No, ma… l’avete sentito, il Ministero degli Interni? “Gravi forme di ingerenza da parte della criminalità organizzata”, ha detto. Un’affermazione shock, inaspettata, rivelatrice di verità impensabili, che arriva subito dopo gli altri due scoop del secolo: “Babbo Natale non esiste” e “i bambini non li porta la cicogna (al massimo l’Airone, ma solo se il volo è intercontinentale e hai fatto il ceck-in che già avevi le prime contrazioni)”. Come dire: io non so se altrettanto organizzata o meno, ma che la criminalità aleggi nel Palazzo è un fatto che si sapeva già da qualche annetto. Pare che il primo ad accorgersene sia stato un altro ministro degli Interni: tal Mario Scelba, negli anni ’50.
E ok, banalità a parte: inutile stupirsi, le indiscrezioni in merito trapelavano da mesi. E cozzavano palesemente con gli esiti delle prime indagini, che parevano sminuire (o, quantomeno, non riuscire a confermare) l’acciambellamento tra politica e camorra tanto contestato al caro Santomauro.
Come e quando siano cambiate le cose, al momento non è dato saperlo. A leggere la nota del ministero non è che ci si capisca più di tanto, salvo che la decisione arriva su diretta proposta del ministro Angelino Alfano (l’avevo detto, io, che le mozzarelle vanno spedite più fresche) e che è ficcata come trafiletto spicciolo in tutta una serie di provvedimenti (tipo la soppressione dell’ambasciata italiana in Tegucigalpa e l’avanzamento di carriera d’un tal Gargiulo) particolarmente incisivi e determinanti per lo sviluppo del Paese.

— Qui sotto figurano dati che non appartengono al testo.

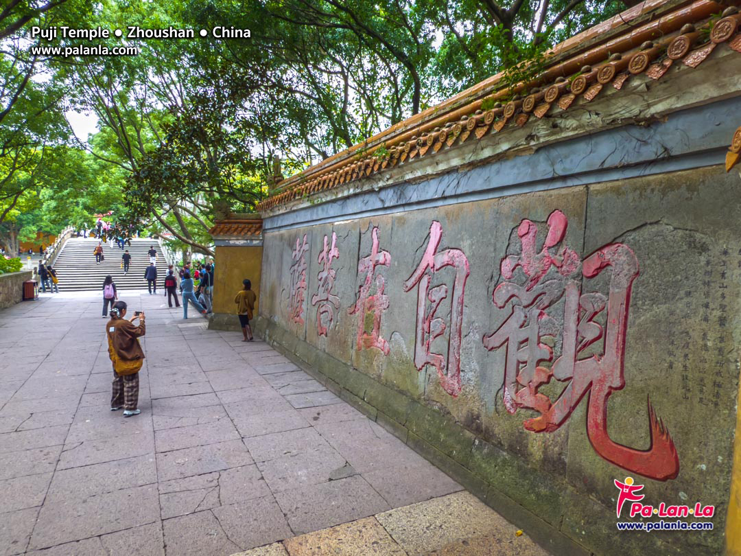 ตัวอักษรภาษาจีนขนาดใหญ่บนกำแพงวัดผู่จี้
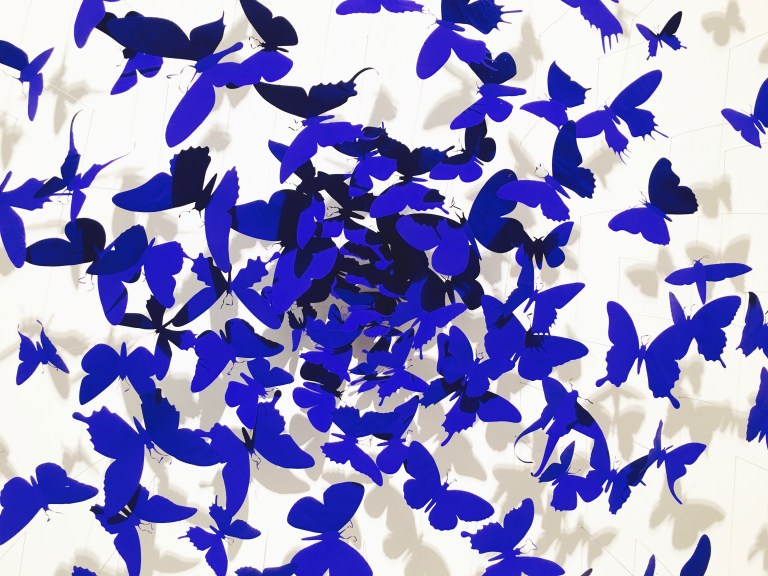 Title: Gyre (2017). Work by Paul Villinski (American, Born 1960), currently on display in the Taubman Museum of Art, Roanoke, VA, as part of a mid-career retrospective (“Farther”). Aluminum cans collected on the streets of New York, hand-cut or laser-cut into shapes of endangered or extinct butterfly species.Mod seating in the Taubman Museum of Art, Roanoke, Virginia.

Come dire: impalmati, umiliati e liquidati con quattro righe, più simili a una delibera condominiale che a un atto di governo. Che se vuoi saperne di più – paiono dire silentemente quelle stesse quattro righe – devi prenderti un’aspettativa dal lavoro, una brandina pieghevole, una dozzina di thermos di caffè, un buon avvocato divorzista contro le denunce di abbandono del tetto coniugale, e andarti a leggere i fascicoli dell’indagine. Ammesso di capirci qualcosa, nevvero: magari non sarà questo il caso, ma la giustizia italiana, alle volte, pare essere la più alternativa e sperimentale del mondo: per ora ti dico la sentenza, poi dammi tempo e cerco pure di ficcarci sotto una motivazione.
Frattanto, in barba ai principi fondamentali di qualunque repubblica democratica, viene stabilito che un intero popolo debba pagare per le colpe del singolo. Elezioni congelate, amministrazione ordinaria retta da un organo monocratico, almeno diciotto mesi di travaglio prima di avere piena libertà di scelta su chi dovrà governarci.
E fortuna che noi, i cittadini, saremmo le vittime. Metti avessimo pure avuto qualche responsabilità, un bel bombardamento al napalm non ce lo avrebbe tolto nessuno.